**What you need to do**
Look below for the line with "Summer garden pasta" and the line with "随后,承训部队的官兵为观众呈". Copy exactly those two lines and every line between, but not the pictures.

[Recorded data]
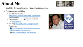 This document summarizes a presentation on user management in SharePoint Online. It begins with introductions and then outlines the agenda which includes understanding Office 365 licenses, examining a case study, and reviewing the proposed solution and tools. The case study involves automating the user registration and account creation process in Office 365 based on a registration form submission. This includes notifying admins and users via email. The challenges are that account creation and license assignment are not natively automated in Office 365. The proposed solution utilizes Windows PowerShell modules, SPServices, PeopleManager Services, and JSOM APIs to build the automated process.
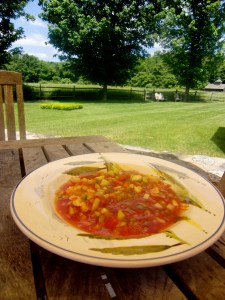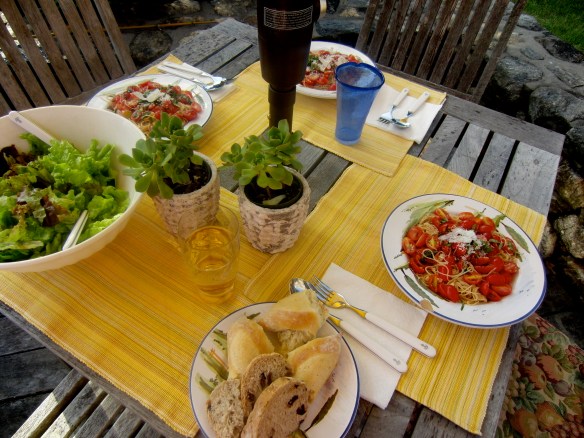 Summer garden pasta with fresh lettuce from the farmstand and Howard’s Bread: a renowned and heavenly treat found only in the Lyme, Connecticut area.
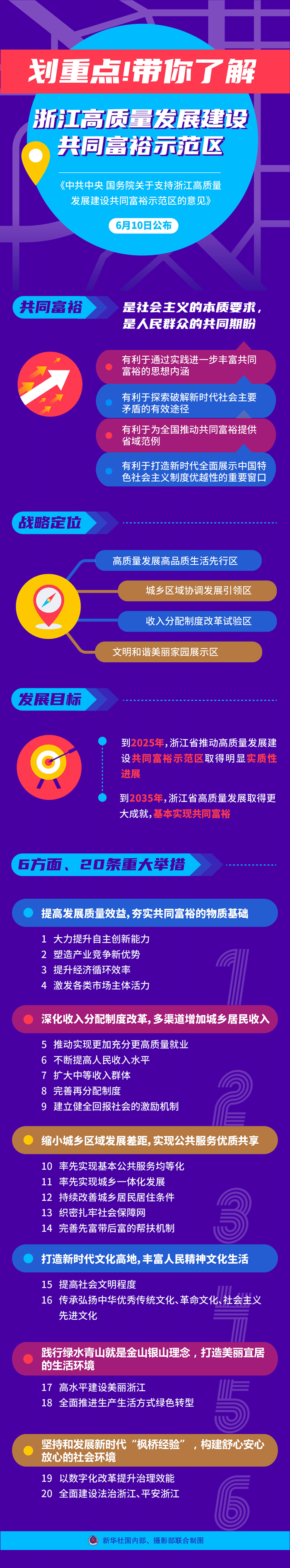 《中共中央 國務(wù)院關(guān)于支持浙江高質(zhì)量發(fā)展建設(shè)共同富裕示范區(qū)的意見》10日發(fā)布。共同富裕示范區(qū)有哪些亮點?提出了哪些重大任務(wù)?如何讓共同富??吹靡?/span>、摸得著、真實可感?打開這張圖,帶你了解浙江高質(zhì)量發(fā)展建設(shè)共同富裕示范區(qū)。(新華社記者謝?,?安蓓 制圖 陳為)
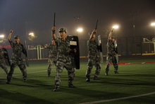 随后,承训部队的官兵为观众呈现了一场精彩绝伦的军事表演。齐步行进,纵列一线,尽展飒爽英姿;棍棒交错,激烈摔擒,彰显军人本色。队列行进刺杀操、盾牌操、匍匐操等表演激起阵阵掌声。
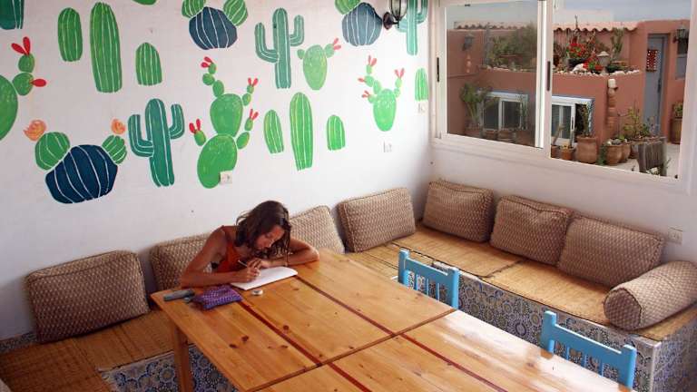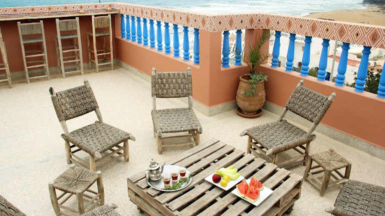 Das Ifni Surf Hostal liegt in Sidi Ifni, einem charmanten Küstenort in Marokko. Die Pension befindet sich in unmittelbarer Nähe zum Strand, so dass Sie sich jederzeit ins kühle Nass stürzen können. In der Umgebung gibt es auch einige Surfspots, die sowohl für Anfänger als auch für erfahrene Surfer geeignet sind. Sidi Ifni selbst ist bekannt für seine entspannte Atmosphäre und seine einzigartige Architektur im spanischen Kolonialstil. Machen Sie einen Spaziergang durch die Straßen und entdecken Sie die bunten Häuser und Cafés.
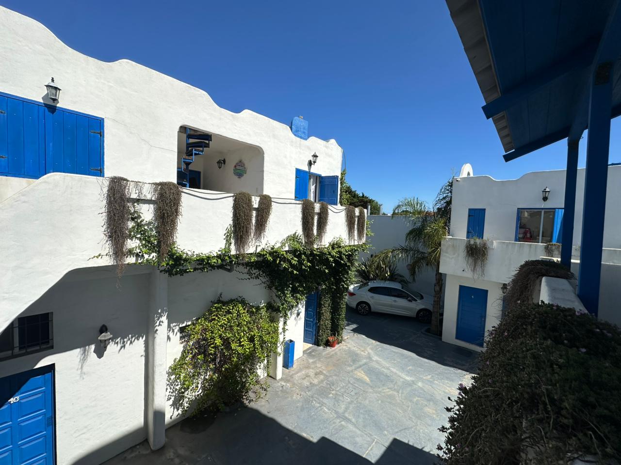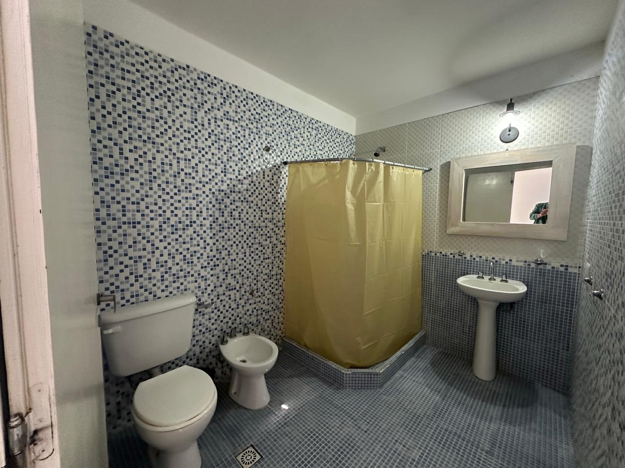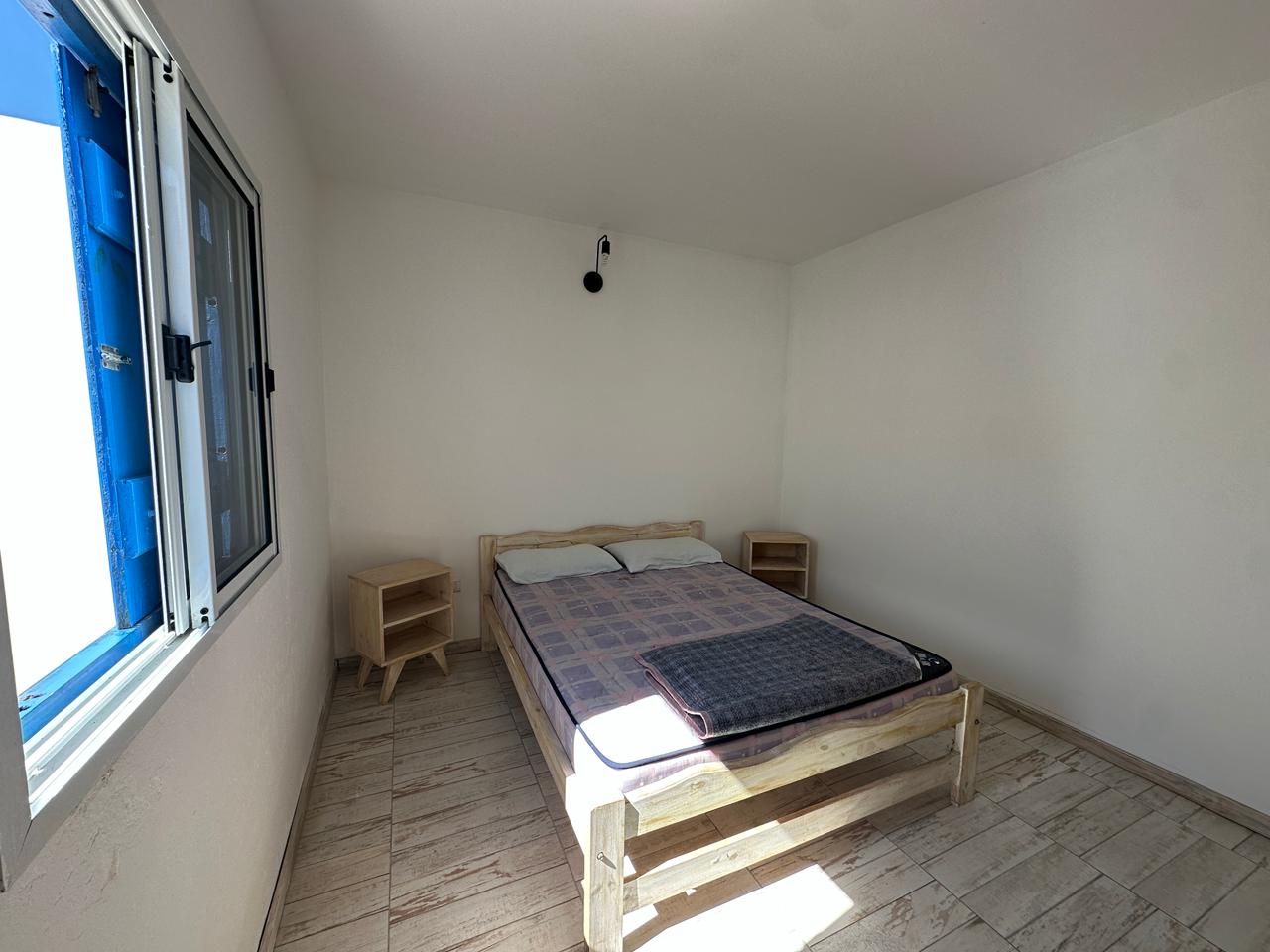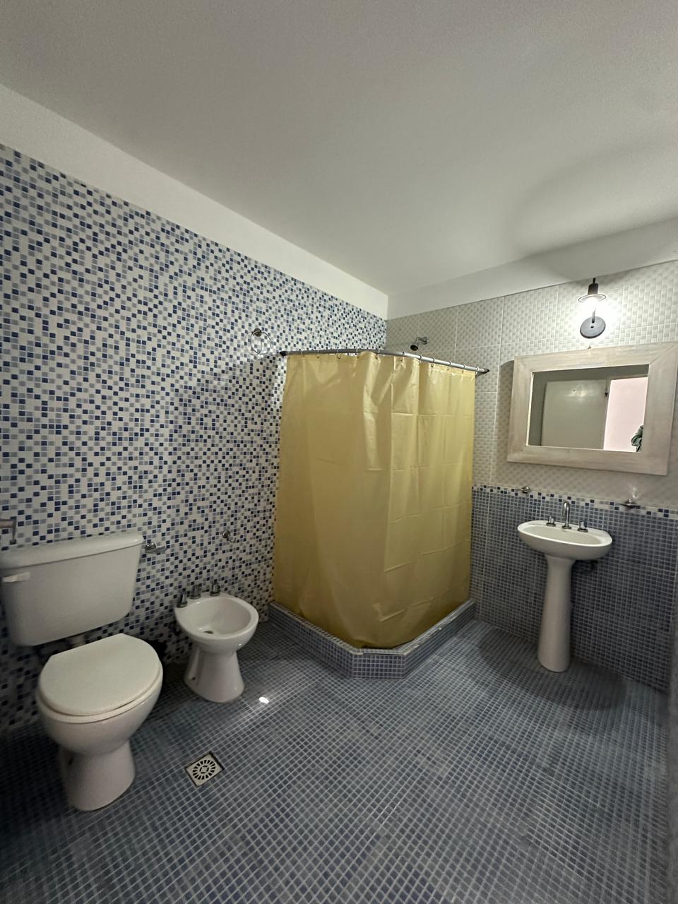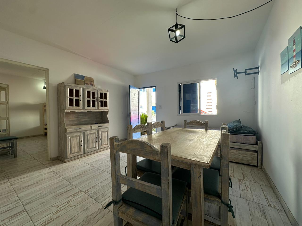 Departamento en PB; Complejo de arquitectura con inspiración en las costas mediterráneas del mar Egeo. 3 ambientes, cocina-comedor con mesada, bajo mesada, bacha de acero inoxidable. Cuenta con dos habitaciones,dormitorio matrimonial con cama de 2 plazas. Seguido de baño completo con ducha, bidet e inodoro, recubierto con azulejos en un estilo pixel art moderno. Siguiente habitación con 2 camas cuchetas y ventana con vista al complejo. Patio con verde Cerrado por los costados con paredones de 2.5M y parrilla.

**Written response**
 Summer garden pasta with fresh lettuce from the farmstand and Howard’s Bread: a renowned and heavenly treat found only in the Lyme, Connecticut area.
 《中共中央 國務(wù)院關(guān)于支持浙江高質(zhì)量發(fā)展建設(shè)共同富裕示范區(qū)的意見》10日發(fā)布。共同富裕示范區(qū)有哪些亮點?提出了哪些重大任務(wù)?如何讓共同富??吹靡?/span>、摸得著、真實可感?打開這張圖,帶你了解浙江高質(zhì)量發(fā)展建設(shè)共同富裕示范區(qū)。(新華社記者謝?,?安蓓 制圖 陳為)
 随后,承训部队的官兵为观众呈现了一场精彩绝伦的军事表演。齐步行进,纵列一线,尽展飒爽英姿;棍棒交错,激烈摔擒,彰显军人本色。队列行进刺杀操、盾牌操、匍匐操等表演激起阵阵掌声。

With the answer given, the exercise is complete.